Li Xu, Zou Wenjing, Liu Ming, Cao Wei, Jiang Yonghong, An Gaili, Wang Yuzheng, Huang Shangke, Zhao Xinhan
Department of Oncology, First Affiliated Hospital, Xi'an Jiatong University, Xi'an, Shannxi 710061, China.
Department of The First of Internal Medicine, Tumor Hospital of Shaanxi Province Affiliated Hospital, Medical College of Xi'an Jiao Tong University, Xi'an, Shannxi 710061, China.
Oncotarget. 2016 Dec 20;7(51):85483-85491. doi: 10.18632/oncotarget.13402.
We selected 13 tag single nucleotide polymorphisms (tSNPs) to investigate whether they were associated with breast cancer risk in the Chinese Han population. Upon statistical analyses of clinical data from 551 patients and 577 controls, we found that six of the 13 SNPs were associated with breast cancer; namely, rs4973768(Odds ratio (OR) = 1.30, 95% confidence interval (CI) =1.01-1.67), rs981782(OR =1.30, 95% CI=1.01-1.66), rs1432679(OR =0.84, 95% CI=0.70-0.99), rs10759243(OR=1.30, 95%CI=1.09-1.55), rs10822013(OR =1.18, 95% CI=1.00-1.39) and rs704010(OR =1.63, 95% CI=1.04-2.56). When stratified based on breast cancer subtype, our analyses revealed that three SNPs (rs981782, rs10759243 and rs704010) correlated with ER+ breast cancer, while another three (rs4973768, rs1432679 and rs10822013) correlated with ER- breast cancer. We obtained similar results while investigating the correlation of SNPs with PR status or clinical stage. Our results suggest that associations identified between SNPs and breast cancer through genome-wide association studies (GWAS) may not always be generalizable across races.

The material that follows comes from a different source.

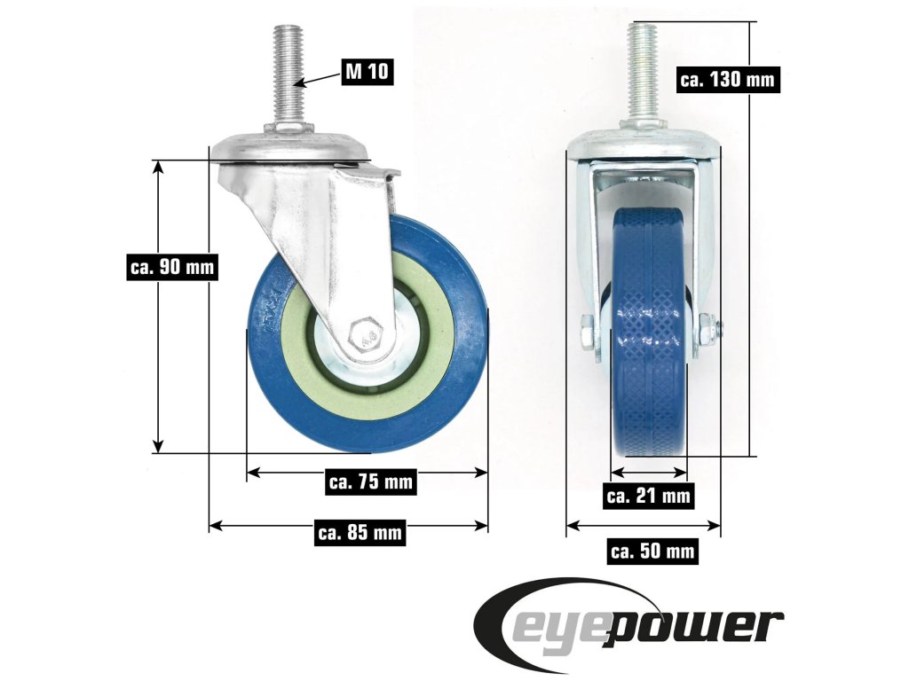 Konstrukce z pozinkované oceli a odolného nylonového kolečka zajišťuje dlouhou životnost a odolnost proti opotřebení. Díky otočnému mechanismu a závitovému kolíku M10 (cca 3 cm dlouhý) je montáž rychlá a jednoduchá. Kolečka s kuličkovými ložisky zaručují hladký, plynulý a tichý chod, minimalizují nepříjemný hluk a usnadňují manipulaci. Nylonová kolečka jsou navíc mimořádně šetrná k podlaze, což znamená, že spolehlivě ochrání vaše laminátové, parketové, kamenné nebo betonové podlahy před poškrábáním a oděrem. S celkovou výškou cca 13 cm jsou tato kolečka všestranným řešením, které šetří váš čas i záda.

我们选择了13个标签单核苷酸多态性(tSNP),以研究它们是否与中国汉族人群的乳腺癌风险相关。在对551例患者和577例对照的临床数据进行统计分析后,我们发现13个单核苷酸多态性中有6个与乳腺癌相关;即rs4973768(优势比(OR)=1.30,95%置信区间(CI)=1.01-1.67)、rs981782(OR=1.30,95%CI=1.01-1.66)、rs1432679(OR=0.84,95%CI=0.70-0.99)、rs10759243(OR=1.30,95%CI=1.09-1.55)、rs10822013(OR=1.18,95%CI=1.00-1.39)和rs704010(OR=1.63,95%CI=1.04-2.56)。当根据乳腺癌亚型进行分层时,我们的分析显示,三个单核苷酸多态性(rs981782、rs10759243和rs704010)与雌激素受体阳性(ER+)乳腺癌相关,而另外三个(rs4973768、rs1432679和rs10822013)与雌激素受体阴性(ER-)乳腺癌相关。在研究单核苷酸多态性与孕激素受体(PR)状态或临床分期的相关性时,我们也得到了类似的结果。我们的结果表明,通过全基因组关联研究(GWAS)确定的单核苷酸多态性与乳腺癌之间的关联可能并不总是适用于所有种族。